(Items from a data source)
== Segment start ==

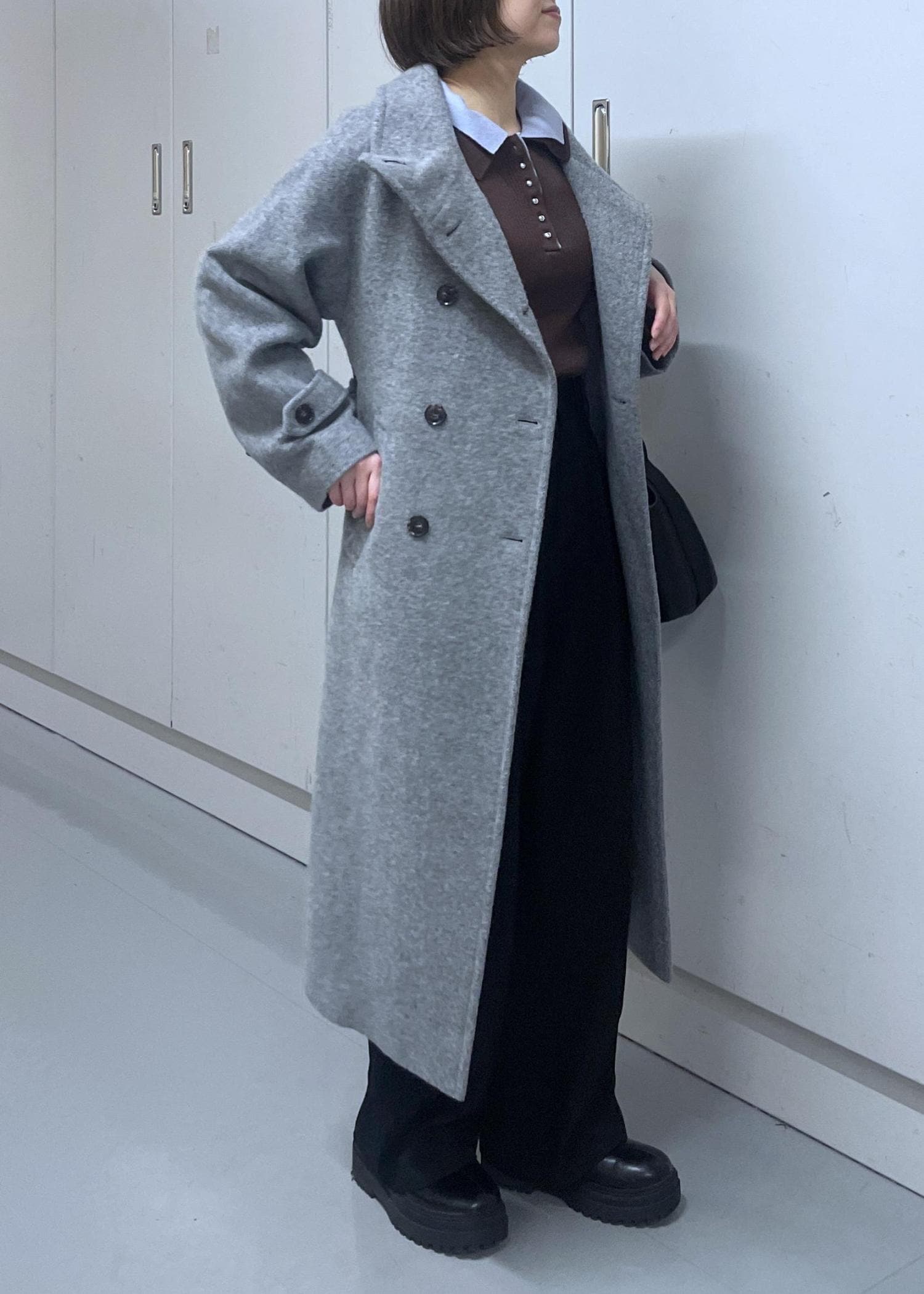 Sサイズでも肩周りやアームにゆとりがあり、ニットの上からも羽織りやすいです。
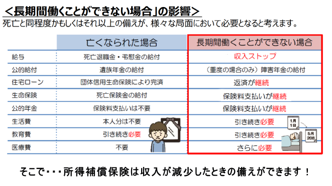 ①ケガや病気で働けなくなった場合に補償!(自転車搭乗中のケガに限りません!!)
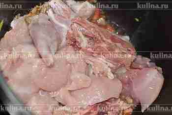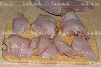 Окорока кролика разрубить на 3 части, мякоть нарезать крупными кусками.
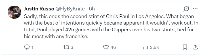 这笔交易发生后,快船记者Justin Russo写道:保罗在快船的生涯就此终结,令人遗憾。起初双方都希望朝着理想的方向发展,但很快彰显出矛盾无法延续下去。保罗职业生涯为快船出战425场比赛,这一数字是他效力过的任何球队中最高纪录。
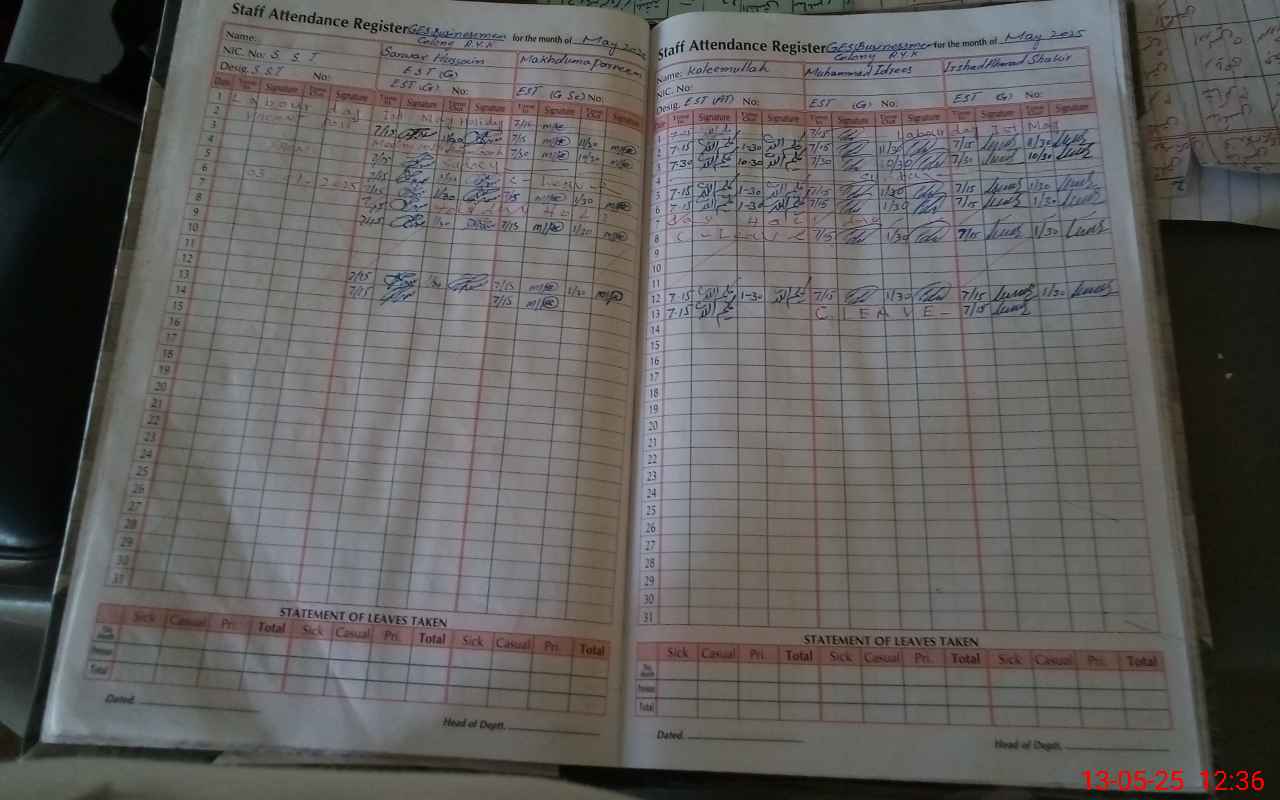 | CNIC | Full Name | Designation | R/C | Absence During Last Calender Month |
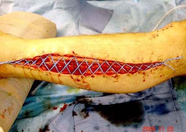 Нет специфического инструментария для фасциотомии, кроме обычного скальпеля и ножниц. Кожа разрезается снаружи и внутри, в зависимости от конечности, иногда разрез достигает 25-30 см. Из одного доступа ножницами вскрываются оба компартмента расширением ран проксимально и дистально.
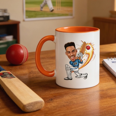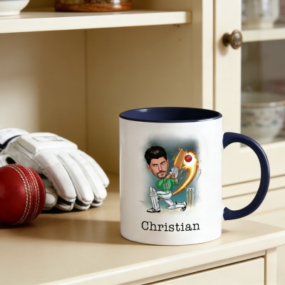 Diseño de caricatura de jugador de cricket : esta taza presenta una divertida caricatura de jugador de cricket con detalles personalizados, que captura la pasión, la energía y el espíritu del juego en un estilo audaz y divertido que se destaca en cualquier escritorio o mesa.
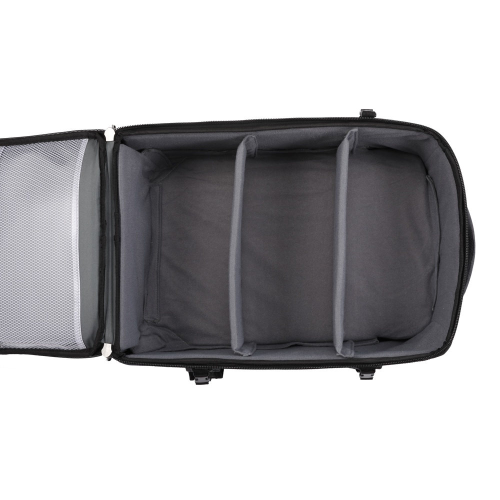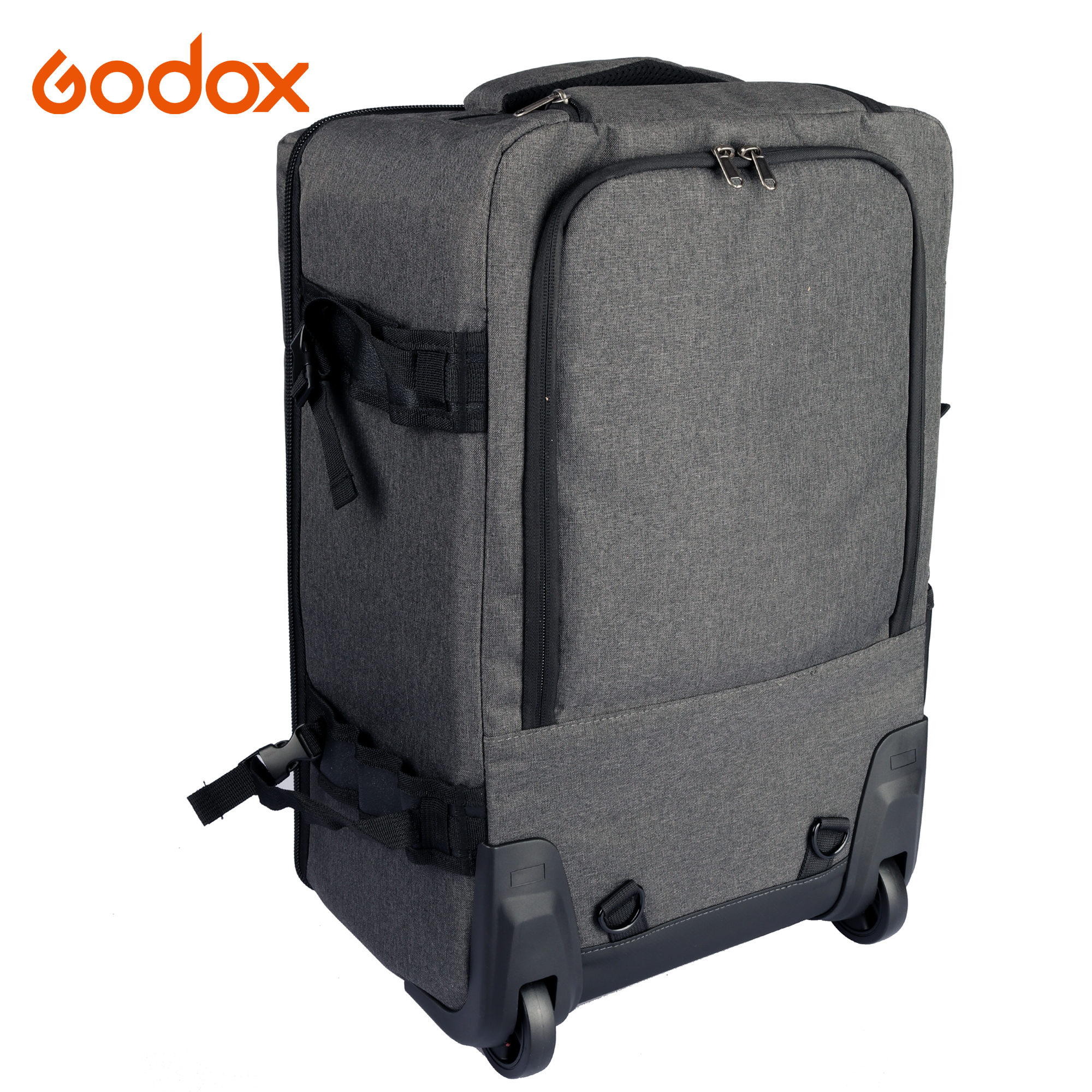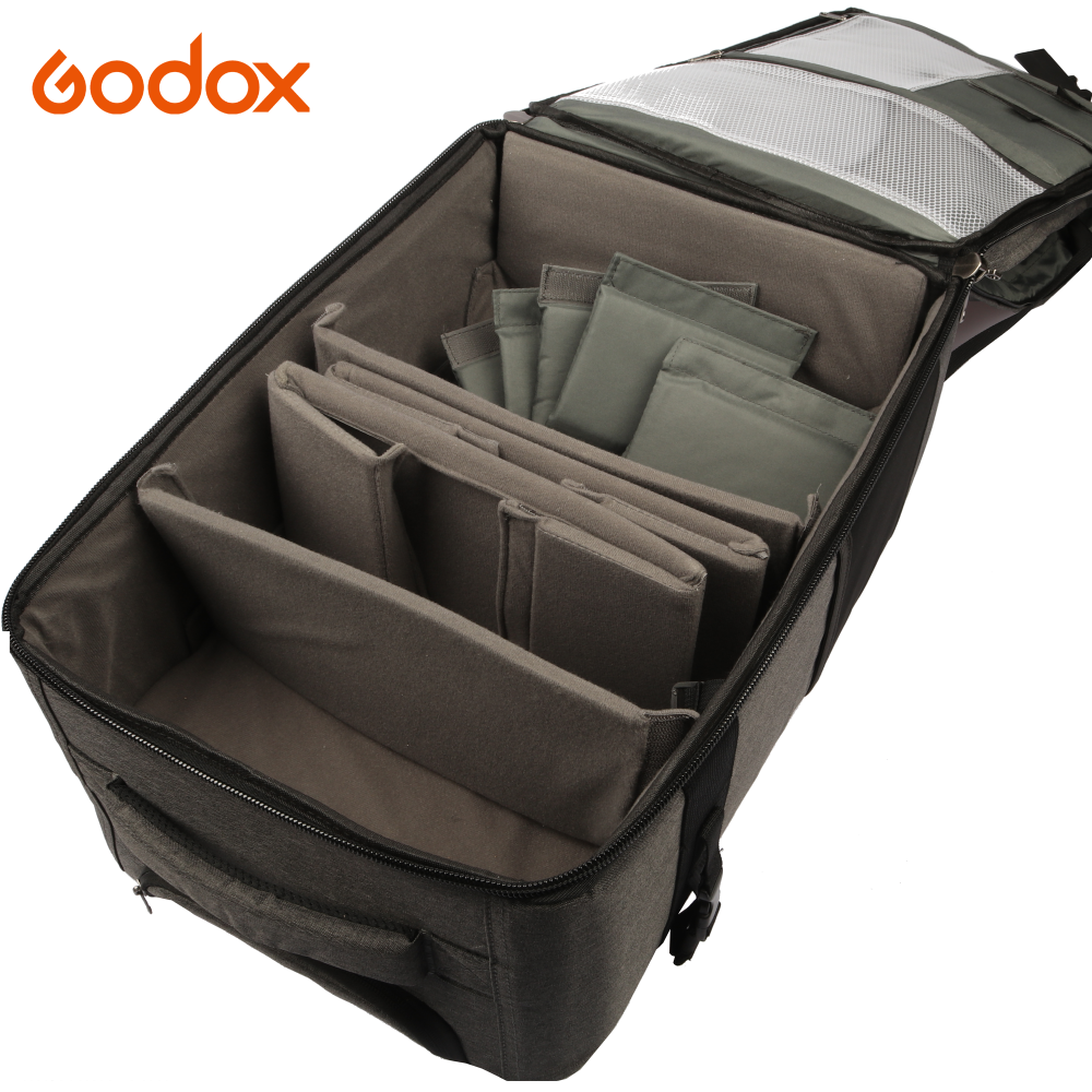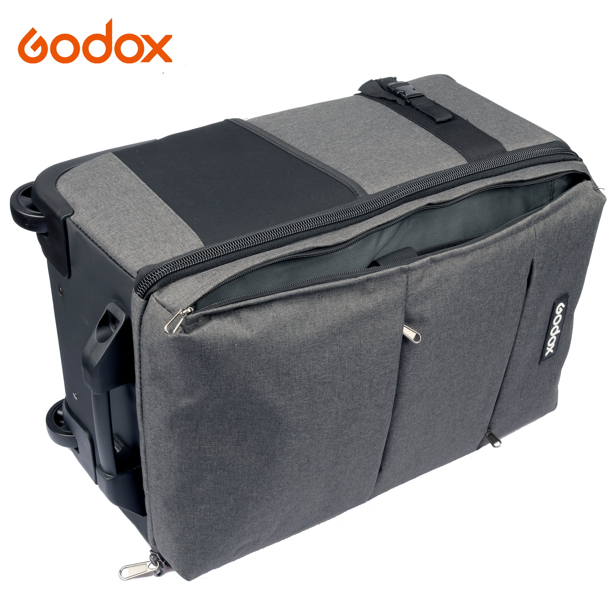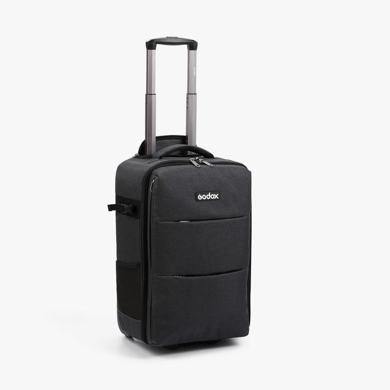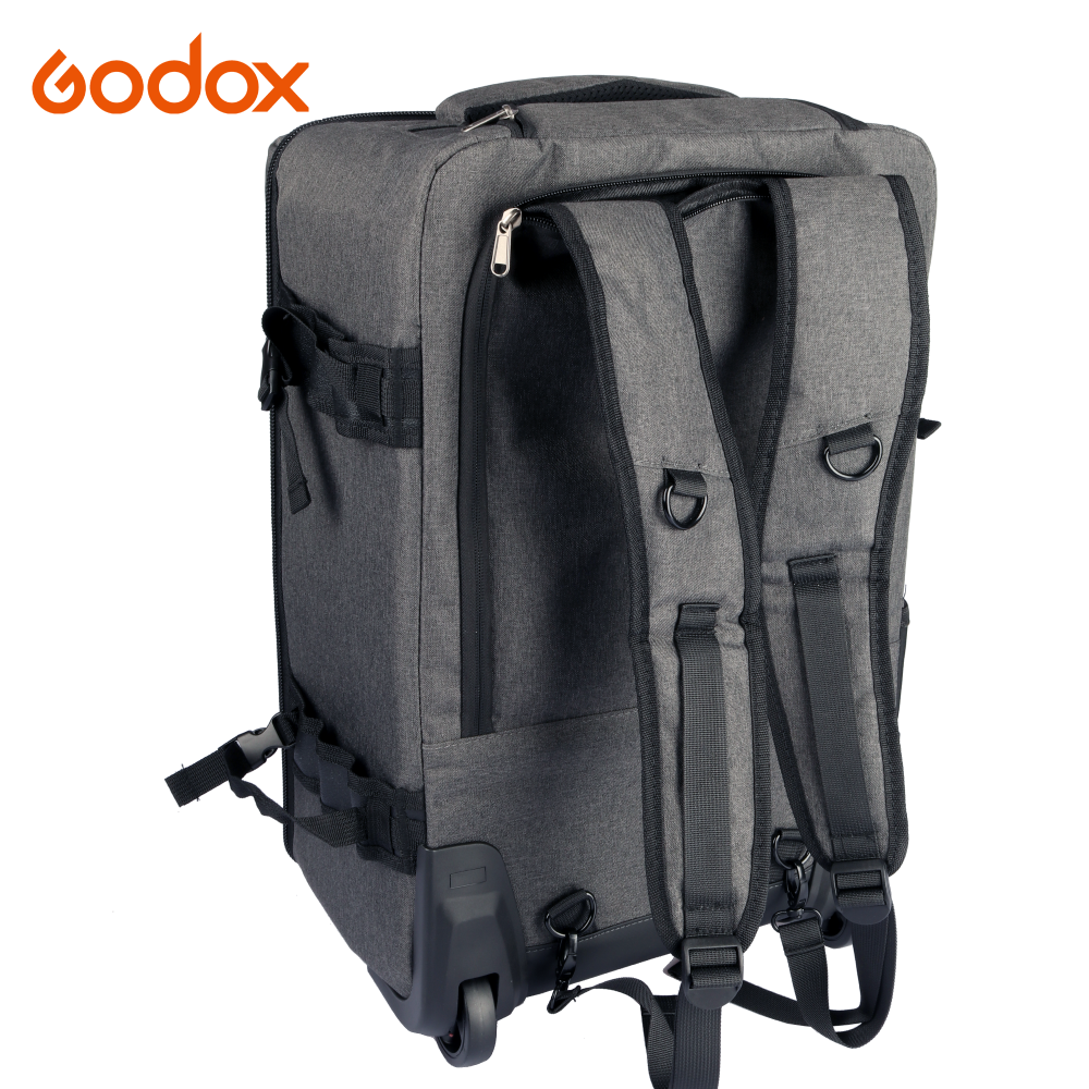 Godox CB-17 är den ultimata studioväskan (eller kameraväskan) för fotografer på språng – smart designad för att fungera både som rullväska och ryggsäck. Perfekt för dig som vill transportera din utrustning smidigt, oavsett om du reser mellan uppdrag eller jobbar Onlocation. Väskan har ett infällbart handtag och hjul för enkel transport, samt tre yttre fickor med dragkedja (varav ett är ett datorfack med dragkedja) och ett par yttre remmar för att fästa ett belysningsstativ eller stativ. Väskan kan också bäras som en ryggsäck.
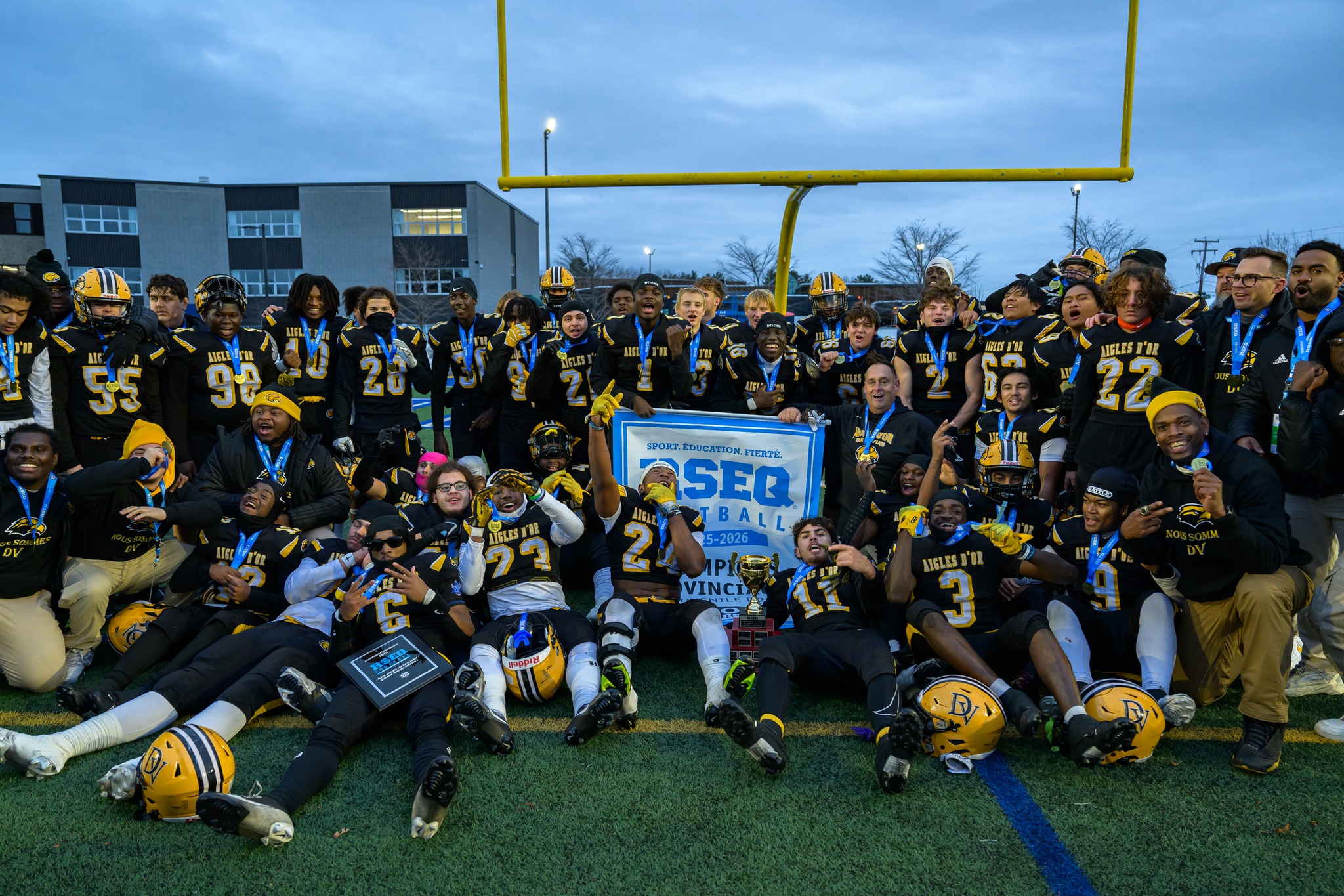 Trois-Rivières, 14 novembre 2025 – Les Aigles d’Or de l’École secondaire Dalbé-Viau ont disposé aisément des Dragons du Collège St-Jean-Vianney au compte de 49-14 en…
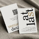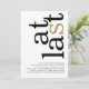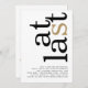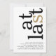 À Dernier QR Code White Black Gold Engagement Party Faire-part et invitation. Un design typographique moderne, avec At Dernier en grande typographie tourné et à droite en haut, en noir avec or pour la lettre "s" sur un arrière - plan blanc. La couleur arrière - plan peut être changée de chaque côté si vous le souhaitez par Personnaliser plus loin. Cette version de l'invitation est avec les parties à l'esprit se déroulant dans un hôtel ou un restaurant (ou tout lieu avec un site Web), remplacer le code QR au dos par un code QR à leur site Web afin de faciliter aux clients de trouver des directions, etc. Vous pouvez créer des codes QR gratuitement en ligne. Recherche "créateur de code QR" et beaucoup d'options viennent à créer gratuitement. Vous pouvez également supprimer le code QR et le texte au verso si cela n'est pas nécessaire via personnaliser plus loin.
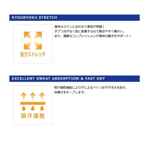 ・吸汗速乾機能により汗によるベトつきや汗冷えを抑え、快適さ
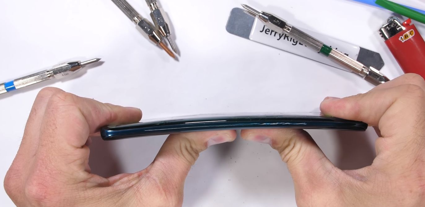 Spatele din sticlă curbată face un sunet ciudat când e zgâriat cu cutterul, amintind de un scratch de DJ pe un disc. La testul de ardere cu bricheta, panoul AMOLED rezistă 25 de secunde la flamă, dar pixelii nu îşi mai revin după ardere. Marele bend test a fost cam dezamâgitor, pentru că Huawei Mate 20 Pro a avut ecranul crăpat la prima îndoire. La a doua îndoire începe să se slăbească toată structura.
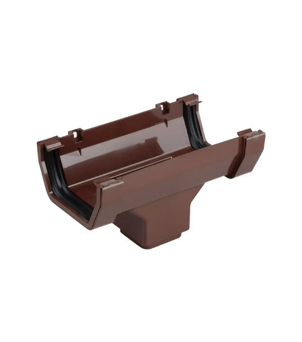 The Wavin Osma SquareLine 4T806N Running Outlet in brown is a durable, high-capacity fitting designed to connect 100mm square gutters to 68mm round downpipes. Ideal for modern and traditional rooflines, this PVC outlet ensures smooth water flow and reliable performance in rainwater drainage systems.

== Segment end ==

TASK BRIEF: In the records above, find the line containing "Diseño de caricatura" and output every line from the first through that one, exactly, omitting pictures.

ANSWER TO THE PROBLEM:
 Sサイズでも肩周りやアームにゆとりがあり、ニットの上からも羽織りやすいです。
 ①ケガや病気で働けなくなった場合に補償!(自転車搭乗中のケガに限りません!!)
 Окорока кролика разрубить на 3 части, мякоть нарезать крупными кусками.
 这笔交易发生后,快船记者Justin Russo写道:保罗在快船的生涯就此终结,令人遗憾。起初双方都希望朝着理想的方向发展,但很快彰显出矛盾无法延续下去。保罗职业生涯为快船出战425场比赛,这一数字是他效力过的任何球队中最高纪录。
 | CNIC | Full Name | Designation | R/C | Absence During Last Calender Month |
 Нет специфического инструментария для фасциотомии, кроме обычного скальпеля и ножниц. Кожа разрезается снаружи и внутри, в зависимости от конечности, иногда разрез достигает 25-30 см. Из одного доступа ножницами вскрываются оба компартмента расширением ран проксимально и дистально.
 Diseño de caricatura de jugador de cricket : esta taza presenta una divertida caricatura de jugador de cricket con detalles personalizados, que captura la pasión, la energía y el espíritu del juego en un estilo audaz y divertido que se destaca en cualquier escritorio o mesa.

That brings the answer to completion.